I just called the lab, and two of our embryos were able to be frozen on day 6! I’m stunned and happy to know we have an option if this cycle fails, and if it doesn’t, a chance for a sibling! I know it’s not a sure thing, but it’s certainly an unexpected bonus!

It’s hard to describe my mental state at the moment. I guess I just feel quiet. I wonder whats going on in my uterus and what the outcome will be, but I can’t say I’m stressed or overly anxious – not yet, anyway. I’m sort of in awe of the whole process. I’m just amazed that there are two embryos in my uterus and another two on ice. I never thought we’d do IVF, and now that we have, I’m sort of stunned that we got to this point. There are so many people rooting for us – so many prayers and good wishes – it’s kind of overwhelming, in a way. Imagine how I’ll feel if I find out I’m pregnant???
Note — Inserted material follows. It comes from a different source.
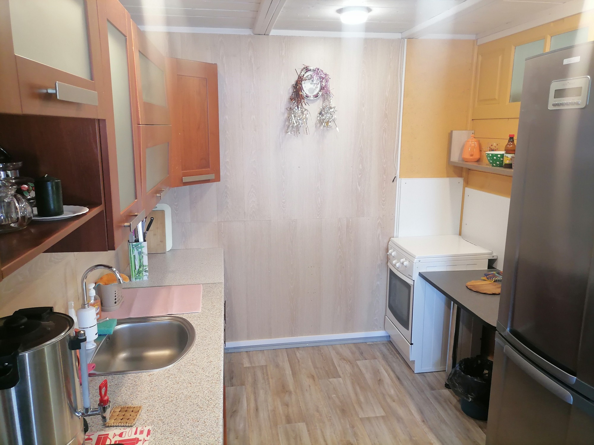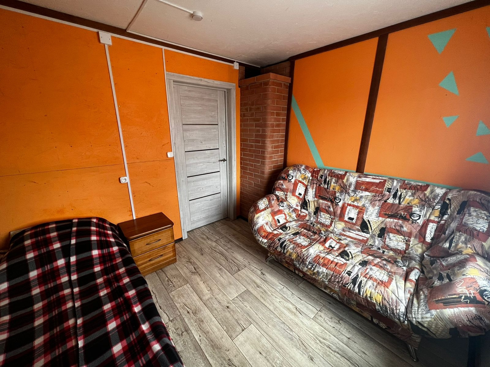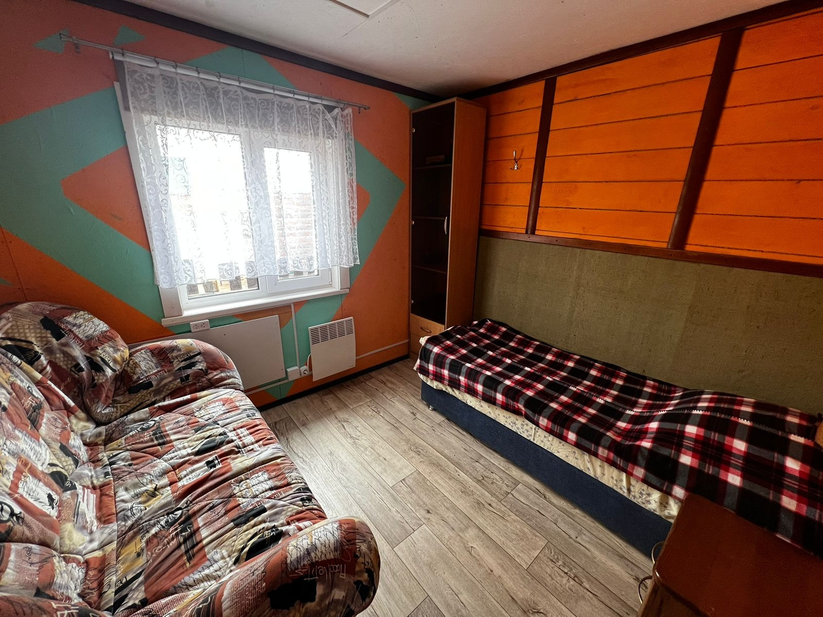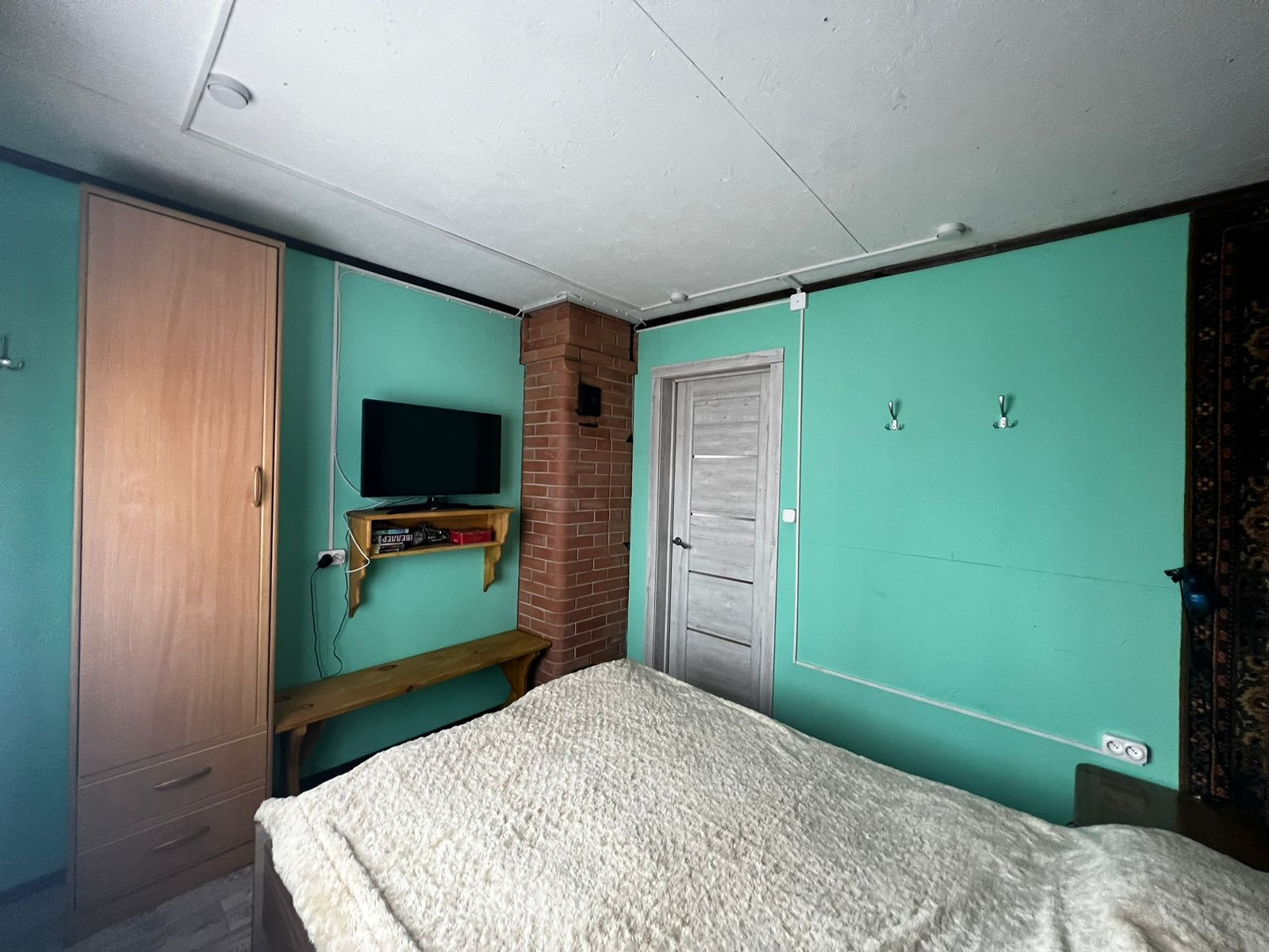 В одноэтажном доме: 2 отдельные спальни, небольшое помещение хозяйственного назначения, кухня-столовая с кирпичной печью и сан узел с ванной комнатой.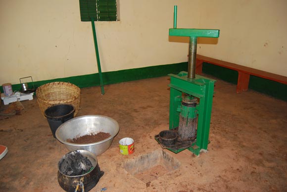 La presse à karité. Grâce à cette presse, nous pouvons extraire le beurre de karité. Activité générée principalement par les femmes.

I’m trying to just take things one day at a time and be peaceful and relaxed. Sometimes I think I’m too relaxed because I have a terrible habit of falling asleep while listening to my circle + bloom recordings! It’s kind of irritating, because I don’t make it past the relaxation part. It’s almost like I’m developing a reaction to the woman’s voice, and as soon as I hear it, I fall asleep! I want to her the cycle specific bits, but it’s not going well lately. I’m going to try today after work and see if I have better luck than listening at bedtime. Anyway – the point is that I am trying to be peaceful and relaxed. Taking it easy has been hard…I work from home and usually take a lot of breaks to do laundry, vacuum, water the garden, etc., and I don’t feel like I should really be doing those things. It’s not easy, especially since M has been working long hours to make up for the time he used taking me to the retrieval and transfer (it’s also just a busy time for him). I did walk out to the garden today, but on my way back, a bee buzzed by my head, and I instinctively ran toward the house. Then, I had a moment of panic because I’m not supposed to be running! Stupid bee! My RE is the least strict at the practice, though, and I don’t think she’d care if I actually went for a run, as long as it was at a slower pace. It’s just hard not to be overly cautious!

So, happy news for a Friday. Two embryos are frozen, and two are hanging out with me – hopefully getting nice and cozy for a 9-month stay.